Creative Commons License

Özel S.

Çukurova Üniversitesi Mühendislik-Mimarlik Fakültesi Dergisi, vol.33, no.2, pp.113-124, 2018 (Peer-Reviewed Journal)

Abstract

In the study, the pollution spread out by the leachates coming from the disposal area (Sivas) has been studied with geophysical and the water analyses methods. The flow direction of the leachates is controlled by geological discontinuities and geomorphological structures, dominant in the region. Accordingly, the leachate in the surface flow from the Haçin creek to nearby Kızılırmak river. In this framework, the leachate pollution spreading in the underground of both sides of the Haçin creek has been studied. The leachate spreading in the underground has been evaluated by using the methods of Electromagnetic Conductivity (EMC) and the water analyses of samples obtained from the soil. Apparent conductivity graphics have been obtained from EMC measurements. The water analyses data show that the pollution in the leachate has been originated from the leachate. As a result, it has been identified that the underground and surface water resources, as well as Quaternary soil cover in the region are under the risk of the leachate pollution. Considering the solid waste landfill area to be used for a long period of time, it has been demonstrated that the pollution should be taken urgently under control within the framework of the EIA (Environmental Impact Assesment) process.

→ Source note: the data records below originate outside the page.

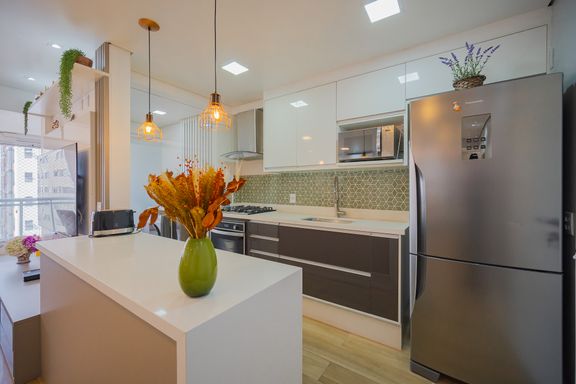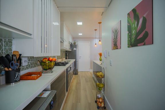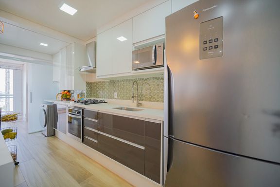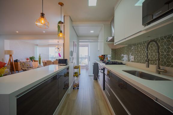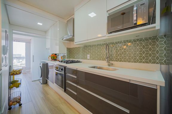 Cozinha funcional e equipada com cooktop, forno embutido e armários planejados de alta qualidade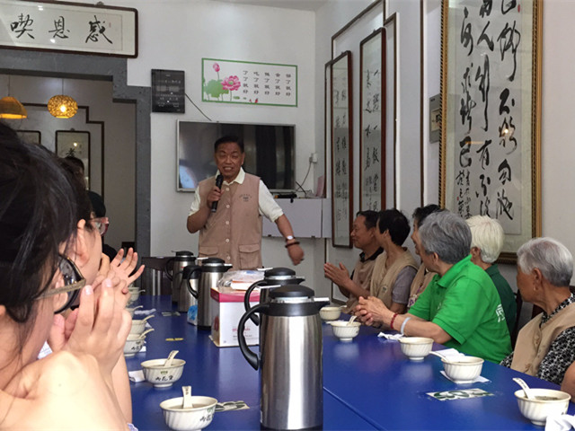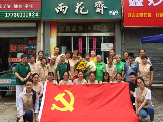 志愿服务后,雨花斋的志愿者们开始素食,恰逢一位雨花斋志愿者谢阿姨的生日,她热泪盈眶地说这是自己六十四年来第一次过生日,能和这么友爱的大家庭在一起,她感到非常幸福。与此同时雨花斋义工们分享了在雨花斋志愿服务多年的经历,大家欢歌笑语,其乐融融。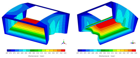 Displacement contour plot at maximum hogging ( = 17.5 ms) for the central cabin of the SHG prototype discretised with a 10 mm mesh: top view (left) and bottom view (right).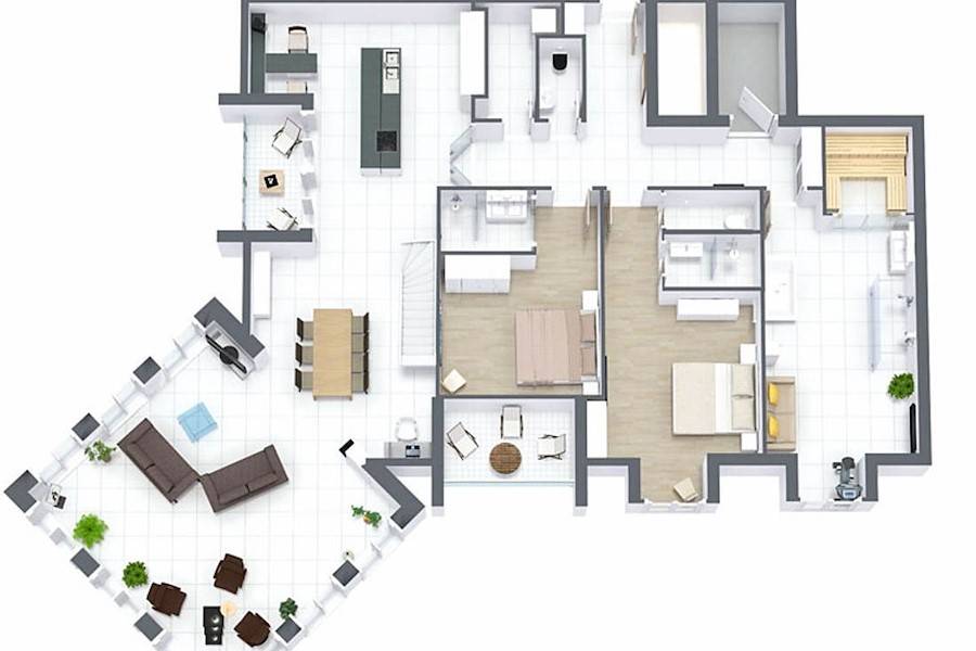 Betten: 6 • Schlafräume: 2 • Bäder: 2 • 214 m²

Yapılan çalışmada Sivas deponi alanından çıkan sızıntı sularının yarattığı kirliliğin yayılımı jeofizik ve su kimyası yöntemleri ile incelenmiştir. Sızıntı suyunun akış yönü bölgede egemen olan jeolojik süreksizlikler ve jeomorfolojik yapılar tarafından denetlenmektedir. Buna göre, yüzeydeki sızıntı suyu Haçin deresinden, yakınındaki Kızılırmak nehrine doğru akmaktadır. Bu çerçevede, Haçin deresinin iki tarafında yayılan sızıntı suyu kirliliğinin zemindeki yayılımı irdelenmiştir. Kirliliğin varlığı ve yayılımı, elektromanyetik iletkenlik (EMC-Electromagnetic Conductivity) yöntemi ve alınan su örneklerinin su kimyası analizleri ile belirlenmiştir. EMC ölçümlerinden elde edilen görünür iletkenlik grafikleri, sızıntı suyunun yataydaki yayılım sınırlarını göstermiştir. Su kimyası analizleri ise sudaki kirliliğin sızıntı suyundan kaynaklandığını göstermiştir. Sonuç olarak yöredeki Kuvaterner yaştaki toprak örtünün yanı sıra yüzey ve yeraltı su kaynaklarının sızıntı suyundan ileri gelen kirliliğin tehdidi altında olduğu belirlenmiştir. Oluşan kirliliğin ise katı atık deponi alanının daha uzun süre kullanılacağı gözetilerek, acilen ÇED (Çevresel Etki Değerlendirme) süreci çerçevesinde denetim altına alınması gerektiği ortaya konulmuştur.